The roles of plant phenolics in defence and communication during Agrobacterium and Rhizobium infection

Abstract

Phenolics are aromatic benzene ring compounds with one or more hydroxyl groups produced by plants mainly for protection against stress. The functions of phenolic compounds in plant physiology and interactions with biotic and abiotic environments are difficult to overestimate. Phenolics play important roles in plant development, particularly in lignin and pigment biosynthesis. They also provide structural integrity and scaffolding support to plants. Importantly, phenolic phytoalexins, secreted by wounded or otherwise perturbed plants, repel or kill many microorganisms, and some pathogens can counteract or nullify these defences or even subvert them to their own advantage. In this review, we discuss the roles of phenolics in the interactions of plants with Agrobacterium and Rhizobium.

Figure 1

Phenolics in the Agrobacterium–plant interaction. Black arrows indicate how Agrobacterium uses phenolics to initiate pathogenesis in host plants for opine synthesis and nutrition, and red arrows indicate how it inactivates the excess amounts of the same phenolics using its own specific O‐demethylase system. Blue arrow indicates the involvement of the phenolic‐sensing bacterial VirA protein in negative chemotaxis. Green arrows show how plants synthesize and use some phenolics, such as salicylic acid, to interfere with VirA and hence pathogenesis, and also to degrade the quoromones that give ecological advantage to Agrobacterium over other bacteria in competition for the opines synthesized by the infected plant.

Figure 2

The use of phenolics by Agrobacterium and Rhizobium for survival and infection of the host plant.
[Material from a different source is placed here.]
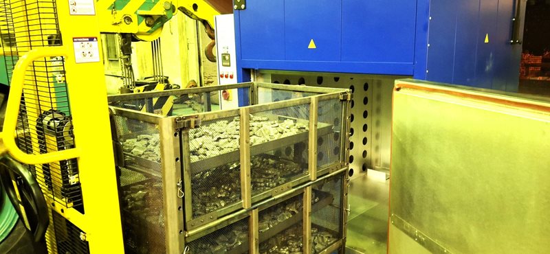 The solution is provided by the automated heat treatment line KNC/V 1800/60 with a working temperature of 550 °C, designed for the thermal process of solution annealing followed by rapid cooling in a water bath (quenching bath) KLV 4000. The line is a combination of two basic devices – electric chamber portal furnaces with a bottom (vertical) installation using a hanging basket and a cooling bath with cooling in water (or oil or a mixture of water and polymer). Depending on the location of the water bath, the line can be installed in the floor or on the floor.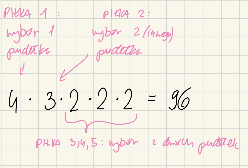 dlaczego nie mozna zrobic tego w ten sposob? wiem ze z kombinacji to wychodzi (wybieramy 2 z 4 pudelek) ale dlaczego nie mozna tego zrobic w ten sposob?

Black arrows indicate how Agrobacterium uses phenolics to initiate a complex process of pathogenesis, culminating with opine synthesis. In addition to their nutritional value, opines help Agrobacterium's competition with nonpathogenic bacteria, such as A. radiobacter, by increasing its population density and biofilm formation through quorum sensing. Agrobacterium also uses the attKLM operon to regulate its population density during times of nutritional starvation and to synthesize alternative sources of nutrients and energy by degrading γ‐butyrolactones produced by other rhizospheric bacteria. Green arrows indicate the use of phenolics by Rhizobium leguminosarum bv. viciae for the induction of nod genes followed by the process of symbiosis. Under stress conditions, phenolics also regulate the increase in population density, biofilm formation and effective nodulation by repressing the quorum‐sensing rhi operon. An increase in population density as a result of quorum sensing provides a competitive edge to rhizobia over other rhizospheric bacteria. Bold lines indicate the quorum‐quenching mechanisms, whereas triangles represent the steps of activation. TCA, tricarboxylic acid.

Figure 3

The xenobiotic detoxification reactions by Agrobacterium. (a) Conversion of the excess and toxic amounts of the vir‐inducing ferulic acid into its relatively less toxic caffeic acid by the VirH2 demethylase. (b–d) Oxidation and mineralization of vanillate, vanillyl alcohol and vanillin into sources of carbon and energy. (e) Biotransformation of hydantoin by hydantoinase into d‐N‐carbamoyl amino acid and further into d‐amino acids by d‐N‐carbamoylase. The d‐amino acid is finally converted into its easily utilizable l‐form of amino acid by racemase.

Figure 4

Reactions showing how rhizospheric phenolics are utilized as sources of carbon and energy by Rhizobium spp. for saprophytic and symbiotic survival in soil and host. (a) Mineralization of catechins and substituted chloro‐aromatics by catechol‐1,2‐dioxygenase into phloroglucinolcarboxylic acid and protocatechuate. (b) Degradation of flavonoids by C‐ring cleavage into utilizable forms.